Exercise description:
Reproduce from the records below, with no pictures, exactly the lines between the one containing "Rosensteinstraße Stuttgart 650" and the one containing "Jornal O Alto Uruguai", inclusive.

Dataset records:
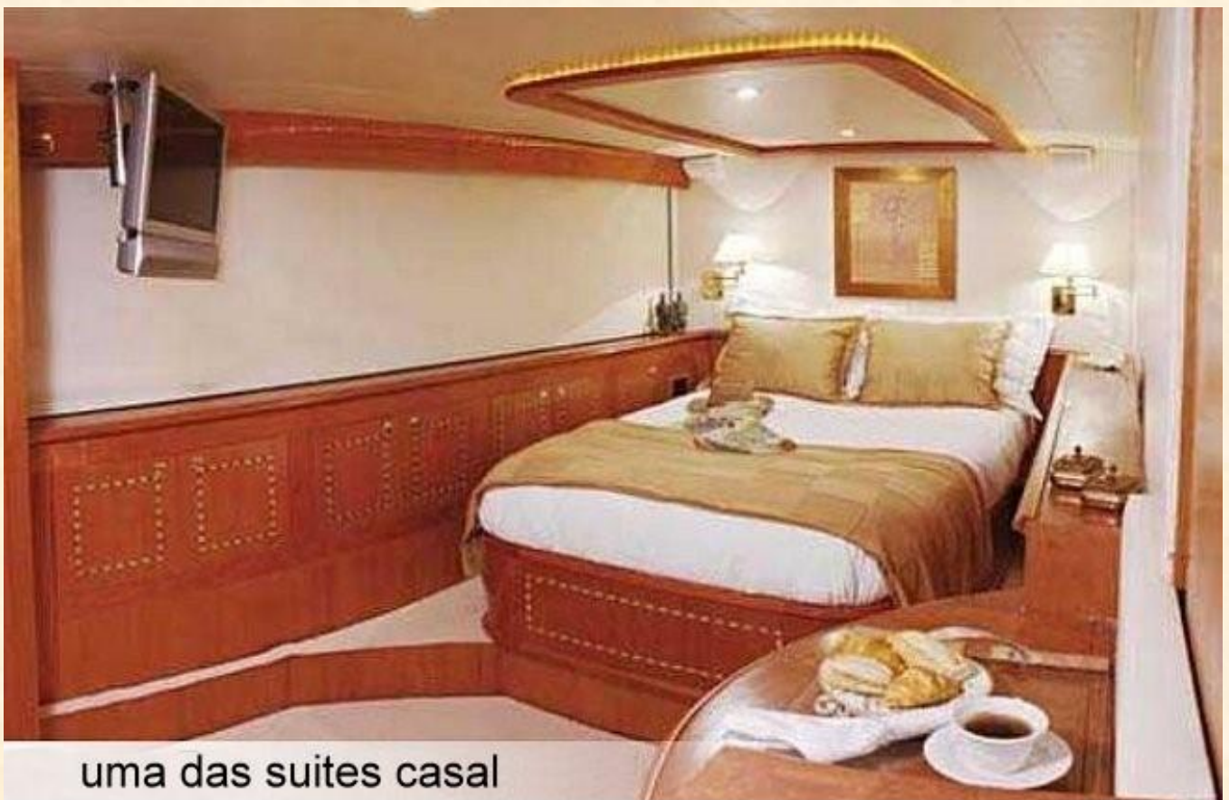
uma das suites casal
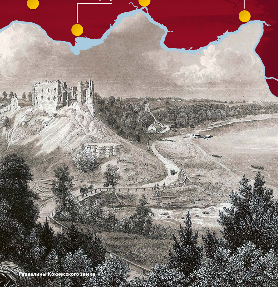
Руины Кокнесского замка
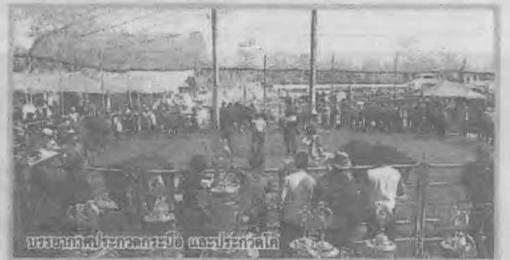
บรรยากาศประกวดกระบือ และประกวดโค

รวมทั้งเกษตรกร ประชาชน ร่วมกิจกรรมนับ พันคน
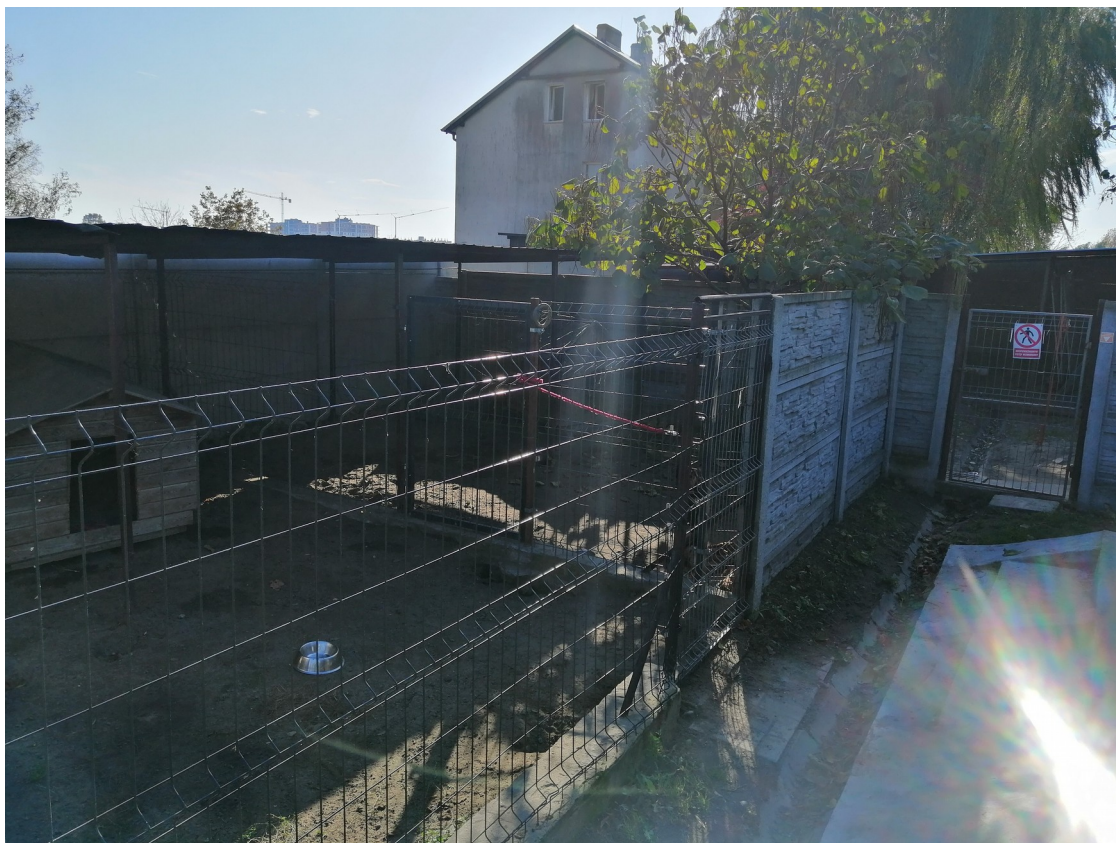
Ogrodzenie okalające istniejący wybieg – do demontażu i wymiany na nowe panele ogrodzeniowe metalowe wraz ze słupkami.
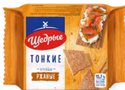
Хлебцы ЩЕДРЫЕ , Тонкие ржаные, 170 г
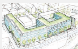
Rosensteinstraße Stuttgart 650 WE + Gewerbe | EUR 242 Mio.
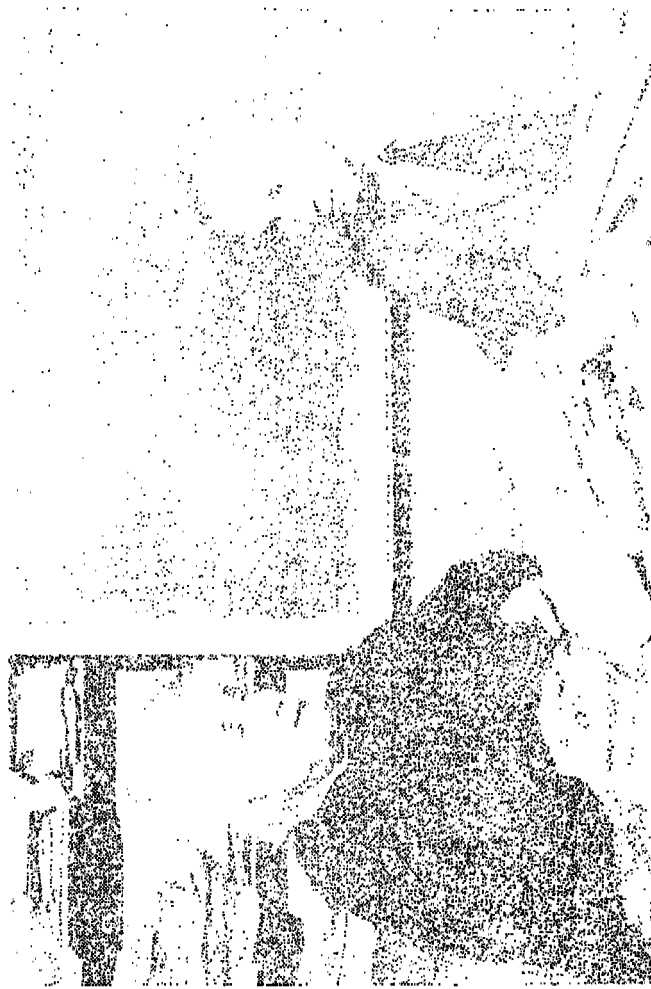
श्री अन्दाइन और श्रीपेनहाइमर, वैज्ञानिक परामर्श में
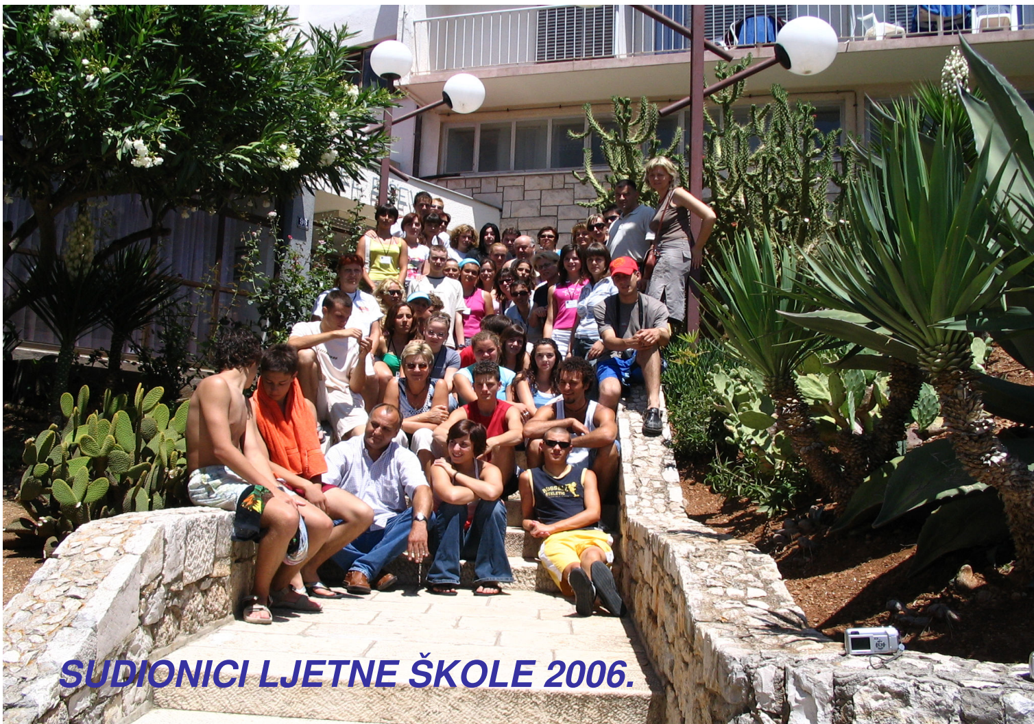
ŠKOLNICI LJETNE ŠKOLE 2006.
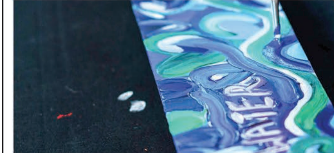
ساشا جفري، فنان

وتعزز الرياح شعورها بالحركة، بينما يدعم الماء قصادتنا العنابية ومؤلفاتنا وبشكل مماثل، تمنحنا الإنسانية الحب والدعم والتواصل بين النفوس.
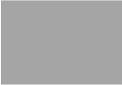
Gambar 1. Desain Screen Printing
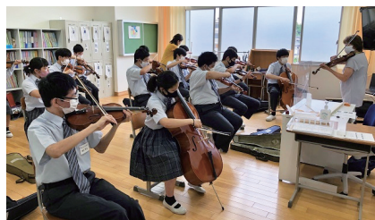
府立むらの高等支援学校
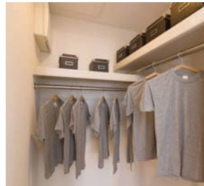
ウォークインクローゼット お洒落好きの家族の衣類もしっかりしまることができます。
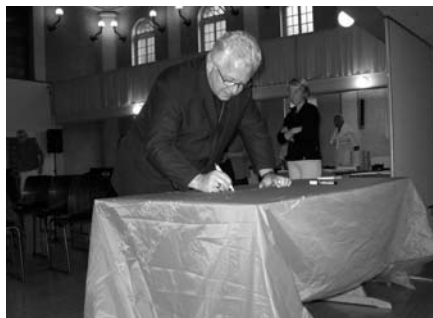
Bischof Markus Büchel unterzeichnet die Klima-Fahne an der Eröffnung der SchöpfungsZeit in St. Gallen.

Le conseil de la Fédération des Eglises Protestantes de Suisse FEPS signe le drapeau pour le climat le 1.9.09.
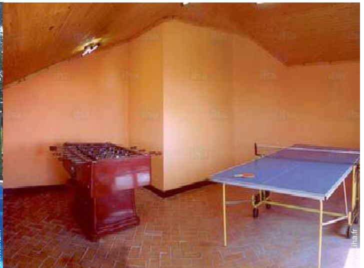
salle de jeux
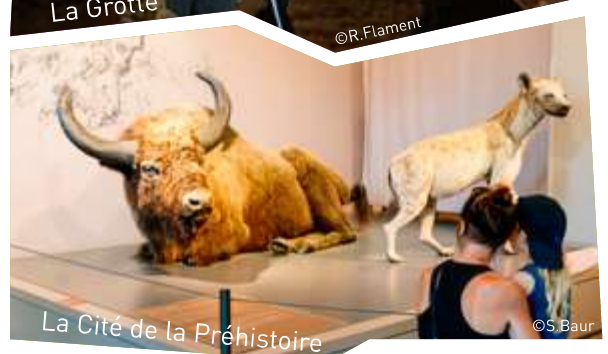
La Cité de la Préhistoire
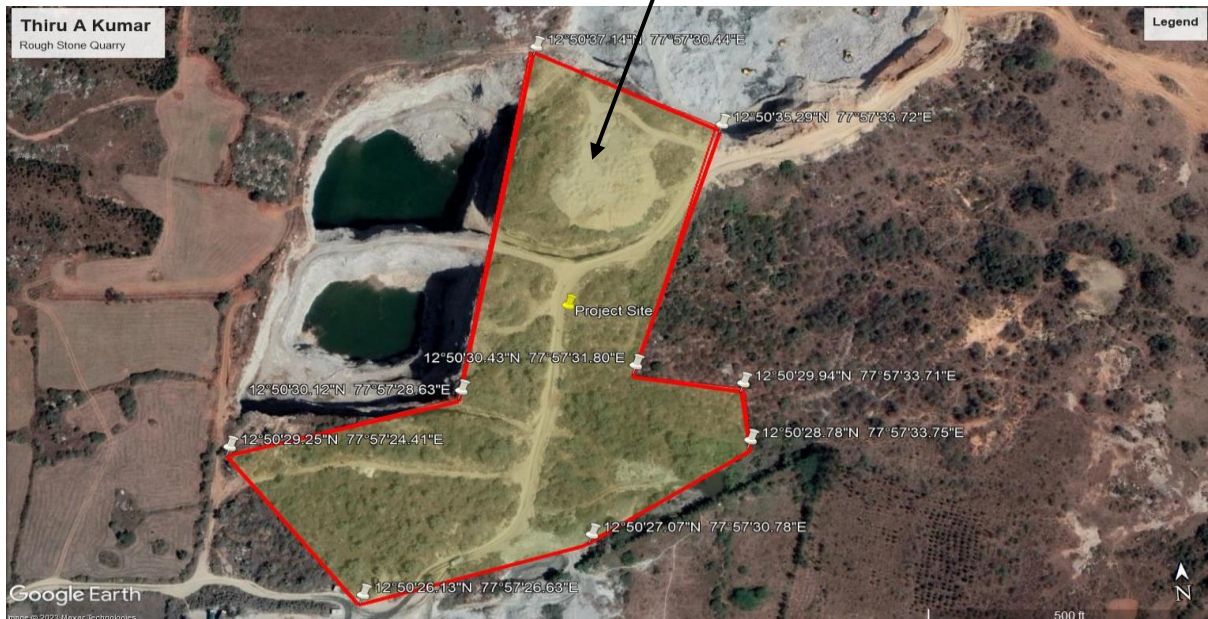
படம் :1 வரைபடம்
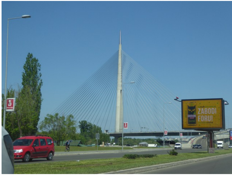
Dette er bærekonstruksjonen til den nyeste brua over Sava, Ada Bridge . Høyden er 200m.
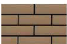
Brick Brown น้ำตาล
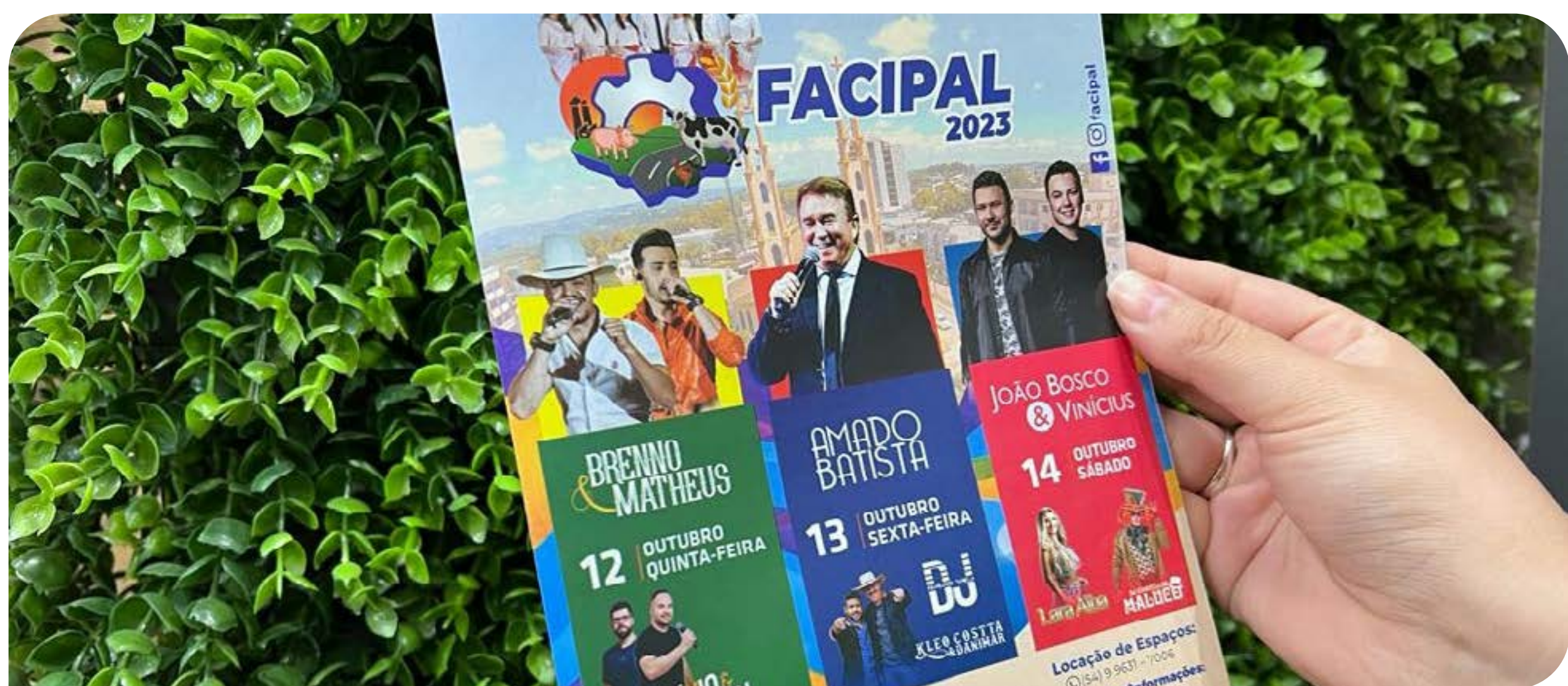
Jornal O Alto Uruguai

Após uma década de pausa, o evento conta com atrações que vão de apresentações municipais e regionais, à shows nacionais, com o objetivo de atrair e encantar todos os públicos.
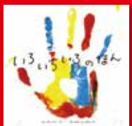
「いろいろなほん」、エルヴェ・テュレ ©ポプラ社
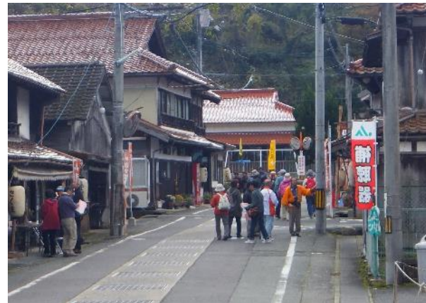
佐々並おいでん祭の 町並みガイド
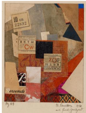
Kurt Schwitters. Collage y tipografía: Collage Merz (Mz 163 mit Frau, spritzend) (1920).
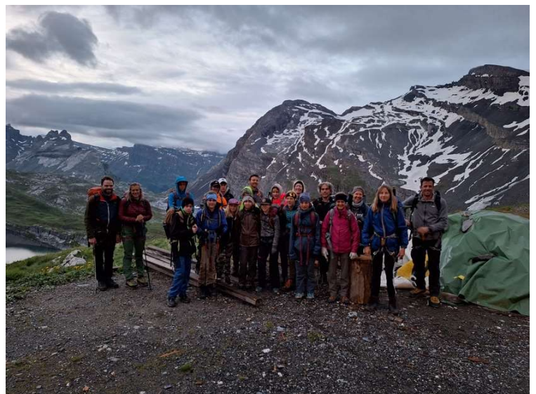
Die Gruppe um 05.15 Uhr vor dem Abmarsch

Der Aufstieg zum Gletscher verlief auf einem gut erkennbaren Weg und wir kamen schnell voran. Beim Gletscher montierten wir unsere Steigeisen und erhielten vom Bergführer Instruktionen, wie man sich auf einem Gletscher verhält, wie man in einer Seilschaft geht, auf was zu achten ist. Anschliessend wurden die Seilschaften zusammengestellt. Wir waren bereit für den Aufstieg zum Gipfel. Auf dem Gletscher lag eine kleine Neuschneesicht, was uns überraschte. Der kalte Wind, der am Morgen noch geweht hatte, hatte nachgelassen und so hatten wir schon bald sehr warm.
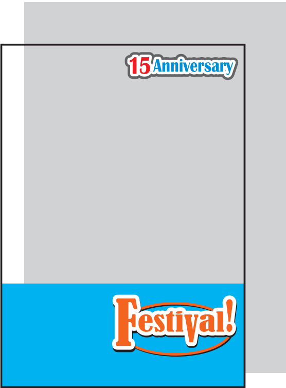
上の文字と下部のみ白版の場合 (白版を引いた部分以外は透けます。)
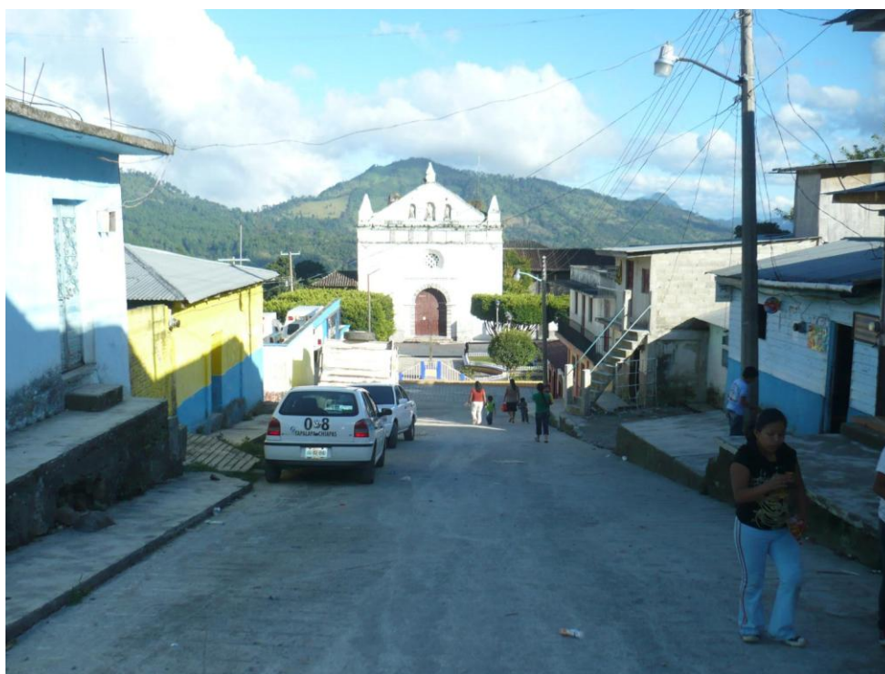
Fotografía 14: Calle principal de Tapalapa, al fondo el templo de San Agustín

La iglesia principal fue construida a finales del siglo XVI. En los archivos parroquiales encontramos un cantoral que data de mediados del año 1500 y libros de matrimonio y defunciones del año 1600. Desde sus orígenes, la parroquia estaba dedicada a San Agustín. Actualmente, alberga una escuela apostólica de adolescentes que quieren ingresar al seminario para formarse como futuros sacerdotes diocesanos.
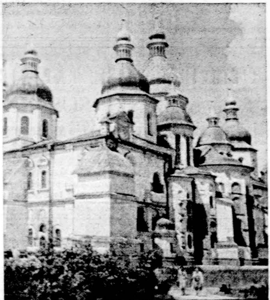
Kijevas. Šv. Sofijos katedra su 13 kupolų, didingiausias ukrainiečių architektūros kūriny. Katedra statyta 11 amžiuje, dabartinę išvaizdą gavo 18 amž. Ukrainiečiai šiandien švenčia nepriklausomybės paskelbimo šventę, nors nepriklausomo gyvenimo džiaugsmo ir negalėjo patirti. Ukrainiečiai su lietuviais riša 250 metų bendrą istoriją, kai jų žemės buvo Didžioiosios Lietuvos Kunigaikštystės sudėtyje, ir jie anuos laikus tabeškai gražiaustu savo istorijos periodu.

Roma. — Jėzuitų vienuolių naujo Statistinio metraščio duomenimis, komunistinėje Kinijoje šiuo metu dar gyvena 123 jėzuitai — 83 kunigai ir 40 brolių. Daugelis jų yra ištremti, ir nei vienas negali eiti kunigiškų pareigų ar dirbti kita su religija susijusį darbą. Metrašties informuoja, kad keli jėzuitų kunigai, nuteisti dvidešimčiai metų sunkių darbų, po dešimties metų gavo leidimą dviem savaitėm sugrįžti atostogoms į namus. Jėzuitų vienuolių vyriausiasis vadovas kun. Arrupe yra pažymėjęs, kad jėzuitai Kinijoje savo kančiomis, ištikimybė tikėjimui ir drąsa liudija Kristų.

Result below:
Rosensteinstraße Stuttgart 650 WE + Gewerbe | EUR 242 Mio.
श्री अन्दाइन और श्रीपेनहाइमर, वैज्ञानिक परामर्श में
ŠKOLNICI LJETNE ŠKOLE 2006.
ساشا جفري، فنان

وتعزز الرياح شعورها بالحركة، بينما يدعم الماء قصادتنا العنابية ومؤلفاتنا وبشكل مماثل، تمنحنا الإنسانية الحب والدعم والتواصل بين النفوس.
Gambar 1. Desain Screen Printing
府立むらの高等支援学校
ウォークインクローゼット お洒落好きの家族の衣類もしっかりしまることができます。
Bischof Markus Büchel unterzeichnet die Klima-Fahne an der Eröffnung der SchöpfungsZeit in St. Gallen.

Le conseil de la Fédération des Eglises Protestantes de Suisse FEPS signe le drapeau pour le climat le 1.9.09.
salle de jeux
La Cité de la Préhistoire
படம் :1 வரைபடம்
Dette er bærekonstruksjonen til den nyeste brua over Sava, Ada Bridge . Høyden er 200m.
Brick Brown น้ำตาล
Jornal O Alto Uruguai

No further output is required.